Consider this simple biconnected graph (graph without articulation points):
import networkx as nx
G = nx.diamond_graph()
nx.draw(G, with_labels=True)
I want to find out what two pairs of nodes when removed from the graph will cause the graph to split. For example removing nodes 1 and 2 from this graph will cause the graph to have 2 components: node 3 and node 0). For this I am removing the combination of nodes one by one and counting the number of components left in the graph.
from itertools import combinations
breaking_combinations = []
combos = combinations(G.nodes(), 2)
for combo in combos:
G_copy = G.copy()
init_num_components = nx.number_connected_components(G_copy)
G_copy.remove_nodes_from(combo)
num_components_after_combo_removed = nx.number_connected_components(G_copy)
if num_components_after_combo_removed > init_num_components:
breaking_combinations.append(combo)
print(breaking_combinations)
The logic works fine and I am getting the expected results: (1, 2)
in this example. But this process is so slow on big graphs (~10,000 nodes) that it takes forever to find all combinations in the graph.
My question is: is there an efficient alternate approach I can use to achieve the same results - perhaps by using in-built networkx algorithms?

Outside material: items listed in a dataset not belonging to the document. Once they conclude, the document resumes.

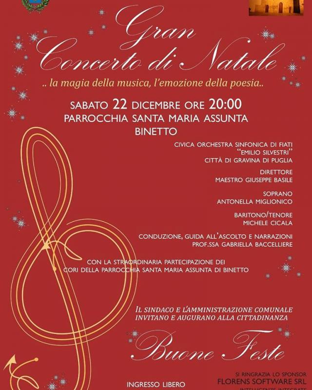 A Binetto in provincia di Bari si svolge nella giornata di Sabato 22 Dicembre 2018 alle ore 20.00 il Gran Concerto di Natale - La Magia della Musica, l'Emozione della Poesia
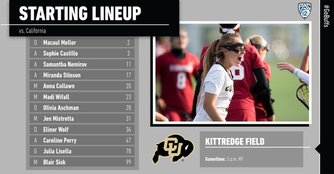 RT @CUBuffsWLax: Here are your Colorado starters for senior day vs. Cal! #GoBuffs https://t.co/bn7Nrc9GQk
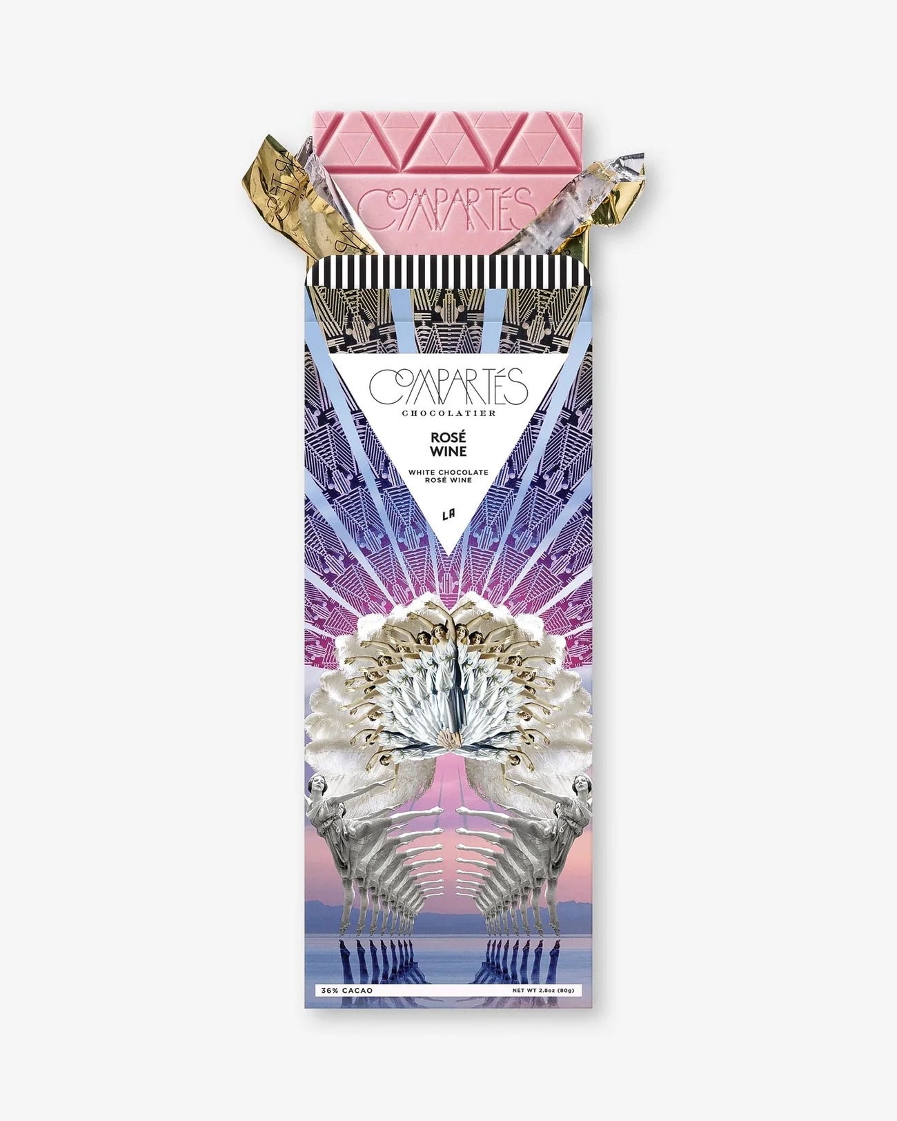 Indulge in our Rosé Wine Chocolate Bar, a creamy chocolate bar infused with rosé wine, for a sophisticated, melt-in-your-mouth experience. Featuring a stunning pink-hued chocolate bar and beautiful art-deco inspired packaging, this bar is as beautiful as it is delicious. Sip, savour, and indulge in this dreamy, delicious chocolate + wine pairing.
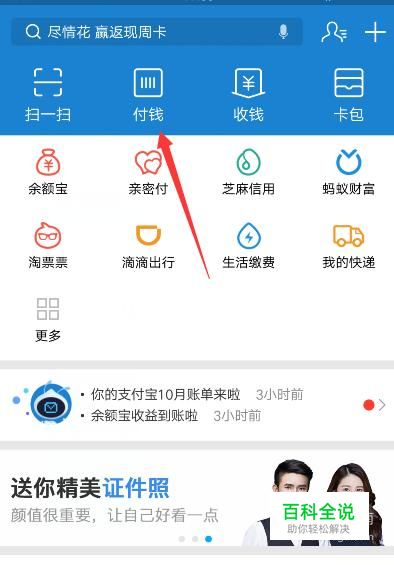 在支付宝首页上,点击“付钱”功能
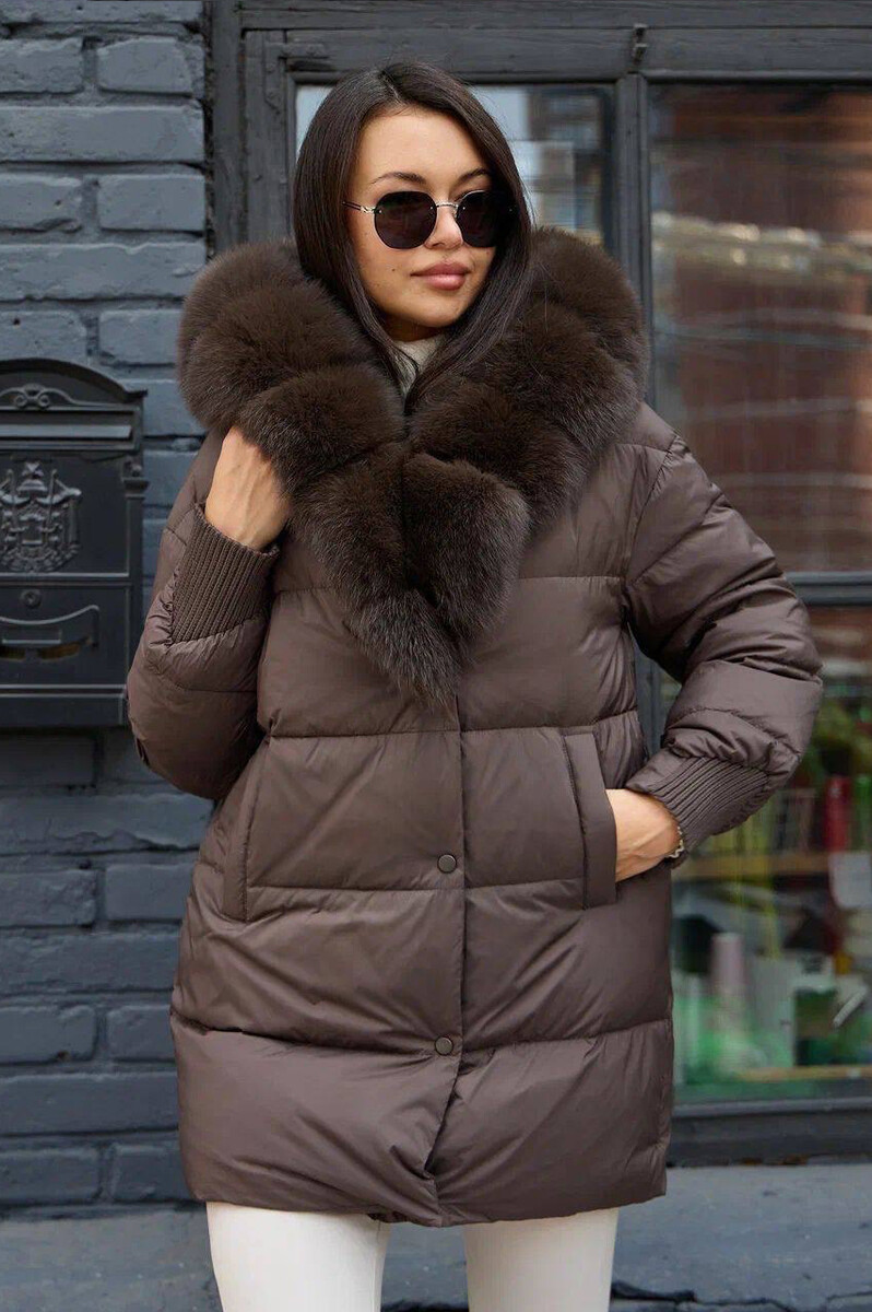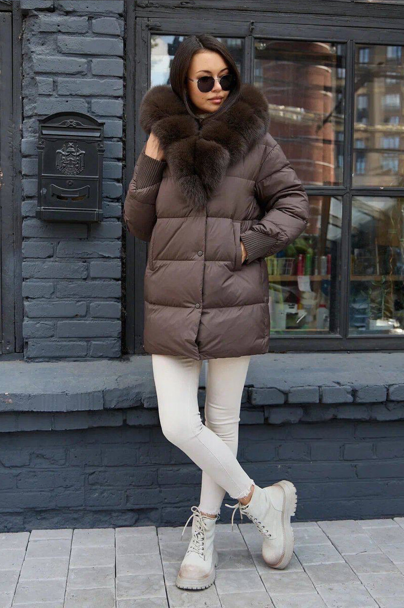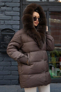 Весь модельный ряд зимних пуховиков из новой коллекции 2025-2026 года имеет стандартный набор: пуховой наполнитель, плотная ткань и шикарный мех песца. В данной модели, есть одно весомое отличие – это крой изделие. Свободный вид необычно смотрится, карманы на передней части накладные, густой мех финского песца приковывает взгляд. Примерить ее можно в нашем магазине.
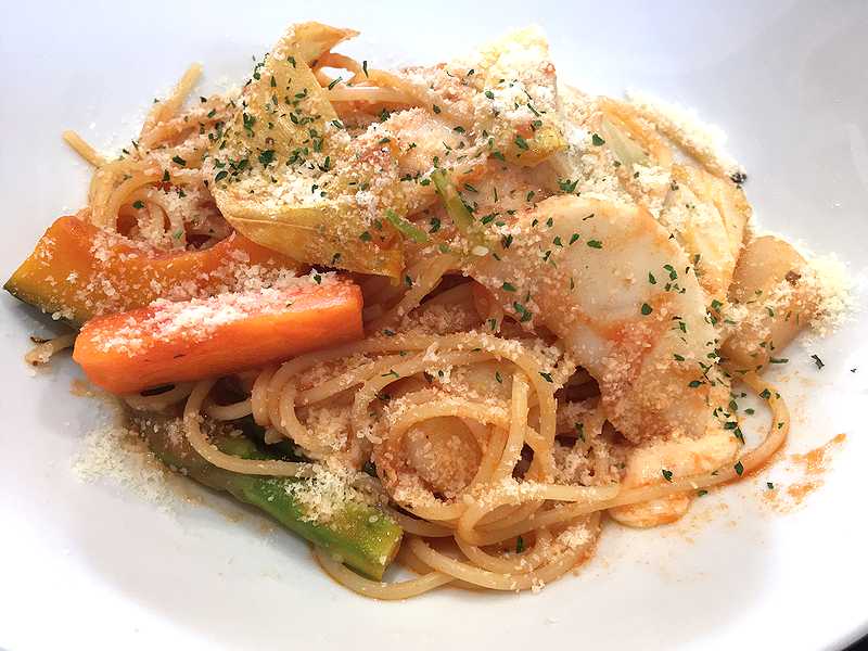 ニンジン・カブ・アスパラ・カボチャ・キャベツなど本当に色々な野菜がたっぷり入っていて、カフェのスパゲッテシらしい味でした。ボリューム的にそこそこの量でした。
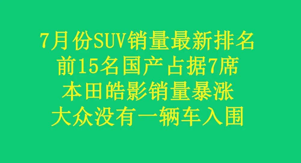 日前我们从乘联会公布的数据了解到7月份国内SUV销量前15名,以及今年1~7月份SUV总销量的前15名。依旧是第一名,本田XR-V暴跌,破两万辆,长安欧尚X5和红旗HS5入围前15名。下面我们就来具体看一看每个车型销量的变化以及变化的原因。
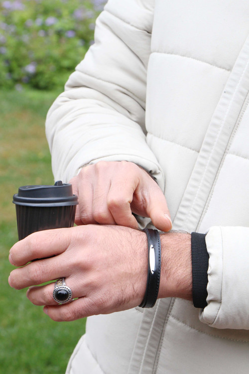 پلاک دستبند چرم است و امکان حکاکی دارد ، متن حکاکی را در قسمت توضیحات بنویسید.
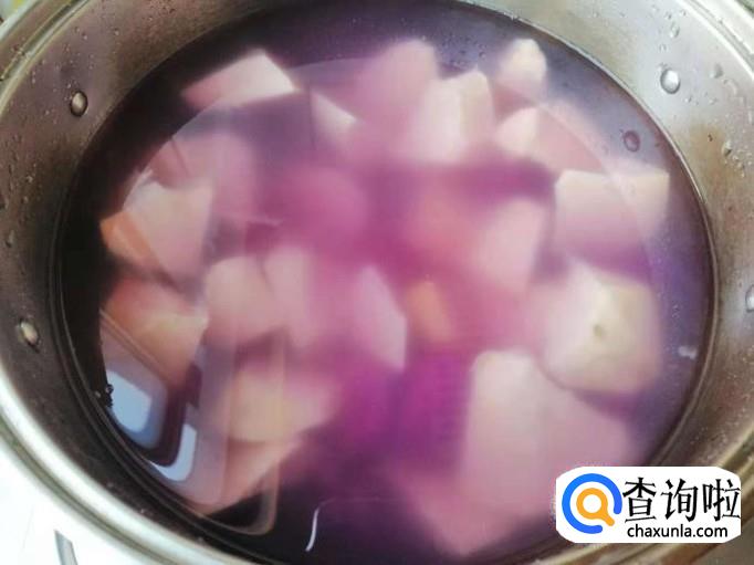 然后我们可以把地瓜先放到锅中,用大火开始煮地瓜和紫薯。一般加水是要没过地瓜和紫薯的。
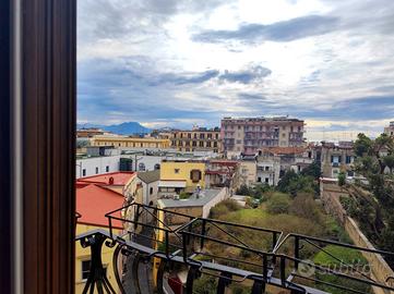 Il palazzo è del 1920. Elegante. Importante. Restaurato in facciata e ben conservato. L'immobile si apre sul Vesuvio e sul mare grazie alla sua posizione e piano alto. Il quarto piano permette di ricevere aria e sole grazie anche alle finestre e porte finestre su due lati opposti e paralleli. La pianta è rimasta in buona misura quella originaria. L'ingresso porta ai vari ambienti ben divisi. Il salone doppio si apre sulla veduta ampia e gode di un balconcino. Volendo lo si può ripristinare, creando una ulteriore stanza con ingresso dal corridoio. Ci sono altre due stanze di cui una molto ampia che permette la creazione del bagno en suite. (Gli scarichi sono vicini in prossimità del bagno). Cucina vivibile. Bagno ampio. Inoltre c'è uno spazio utilizzabile a lavanderia. Infine la proprietà dispone di cantina ampia, tripla, di 27 mq, restaurata, con finestra e porta di ferro nuova. Il posto auto è a parte al costo di euro 30.000. A scelta si può comprare solo casa.
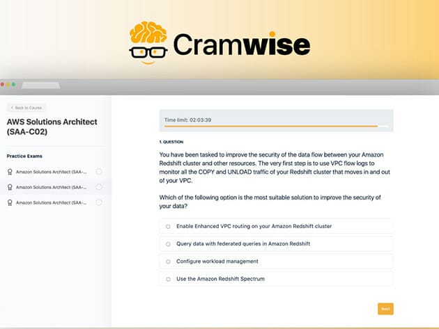 CramWise™ Practice Exams help students prepare for Cisco®, AWS®, CompTIA® certification exams. These comprehensive exam simulations are delivered via the exclusive CramWise Exam Environment™ — the premier exam delivery system which enables students to test their knowledge and gain confidence before taking the real exam.
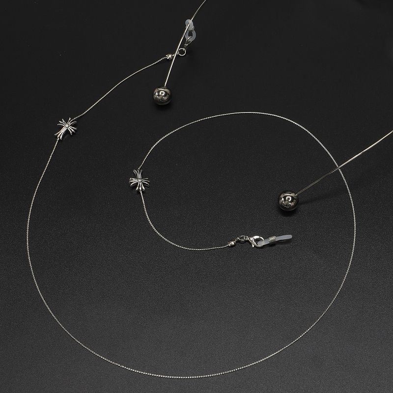 Металлическая нескользящая цепочка серебряного цвета, c крестом, для очков и масок GL587
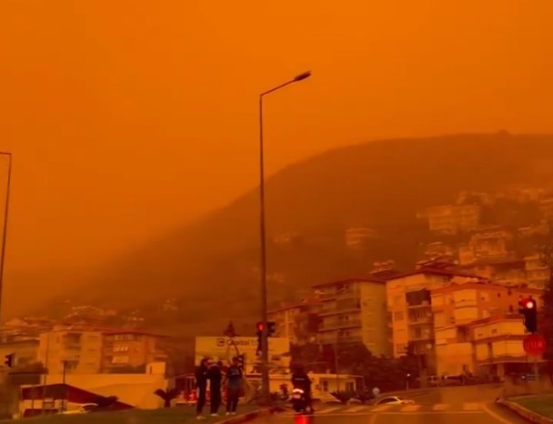아프리카 사하라 사막에서 발생한 모래폭풍이 지중해를 넘어 튀르키예 남부 해안 지역을 덮쳤다.
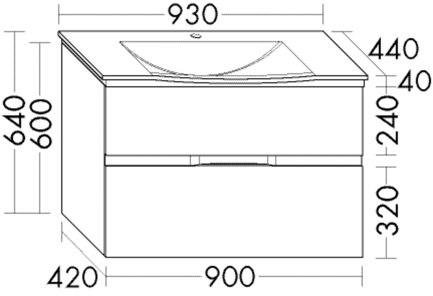 Burgbad Mineralguss-Waschtisch Unterschrank-Set Orell 93 x 64 x 44 cm, Lackiert Hochglanz, 1 Schublade/1 Auszug, Waschtisch weiß W511492
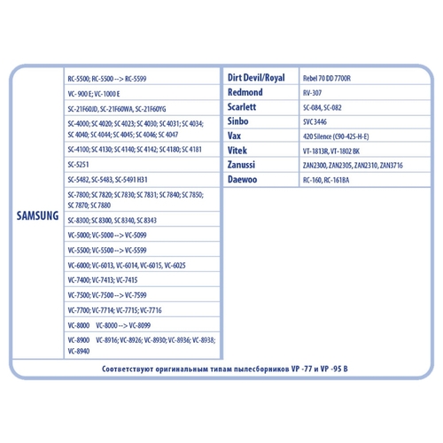 Дополнительная информациясоответствуют оригинальным типам пылесборников: vp-95b и vp-77
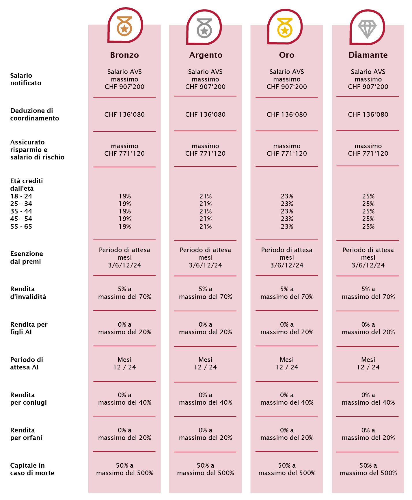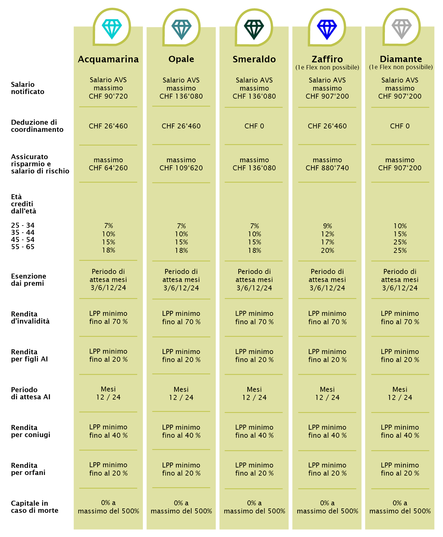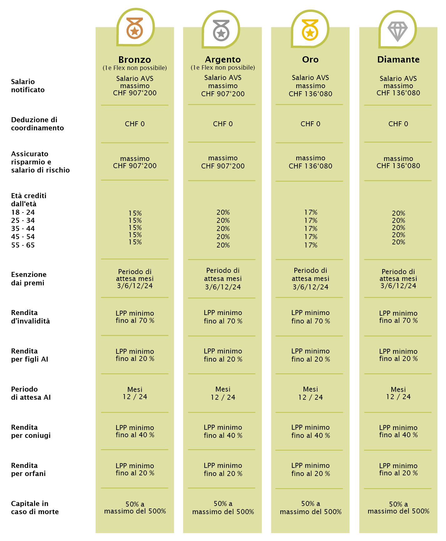 I membri possono accedere a chiare soluzioni di previdenza per coprire i rischi derivanti da vecchiaia, decesso e invalidità. L’Associazione intende offrire ai propri membri soluzioni di previdenza moderne e all’avanguardia, con interessanti premi di rischio.

To expand on my comment above:
import networkx as nx
G = nx.diamond_graph()
solutions = []
for removed_node in G:
H = G.subgraph([node for node in G if node != removed_node]) # subgraph views are much faster to initialize than copies
solutions.extend([(removed_node, node) for node in nx.articulation_points(H)])
print(solutions)
# (1, 2), (2, 1)
I also did a little bit of testing. The results are encouraging.
import networkx as nx
from itertools import combinations
def find_articulation_pairs(G):
solutions = []
for removed_node in G:
H = G.subgraph([node for node in G if node != removed_node]) # subgraph views are much faster to initialize than copies
solutions.extend([(removed_node, node) for node in nx.articulation_points(H)])
return solutions
def find_articulation_pairs_baseline(G):
# the original approach with minor improvements
total_components = nx.number_connected_components(G) # no need to compute this number on each iteration
solutions = []
for removed_nodes in combinations(G, 2):
H = G.subgraph([node for node in G if node not in removed_nodes])
if nx.number_connected_components(H) > total_components:
solutions.append(removed_nodes)
return solutions
def test_correctness():
G = nx.diamond_graph()
print(find_articulation_pairs(G))
print(find_articulation_pairs_baseline(G))
def test_running_time():
import time
# large random graph
G = nx.erdos_renyi_graph(100, 0.1)
# largest biconnected subgraph
H = G.subgraph(max(nx.biconnected_components(G), key=len))
tic = time.time()
_ = find_articulation_pairs(H)
toc = time.time()
_ = find_articulation_pairs_baseline(H)
tac = time.time()
print(f"Baseline time: {tac-toc:.2f}")
print(f"Improved time: {toc-tic:.2f}")
if __name__ == "__main__":
test_correctness()
test_running_time()
Running the script results in the following output:
[(1, 2), (2, 1)]
[(1, 2)]
Baseline time: 14.72
Improved time: 0.44
Both approaches are trivial to parallelize, so depending on the number of available cores, there is another speed-up of factor 4-12 to achieve.
Some back of the envelope calculations suggest that for 10k nodes, the running time of my improved approach (on my machine without parallelization) would still be around 2 days, so such parallelization is probably not optional but a must.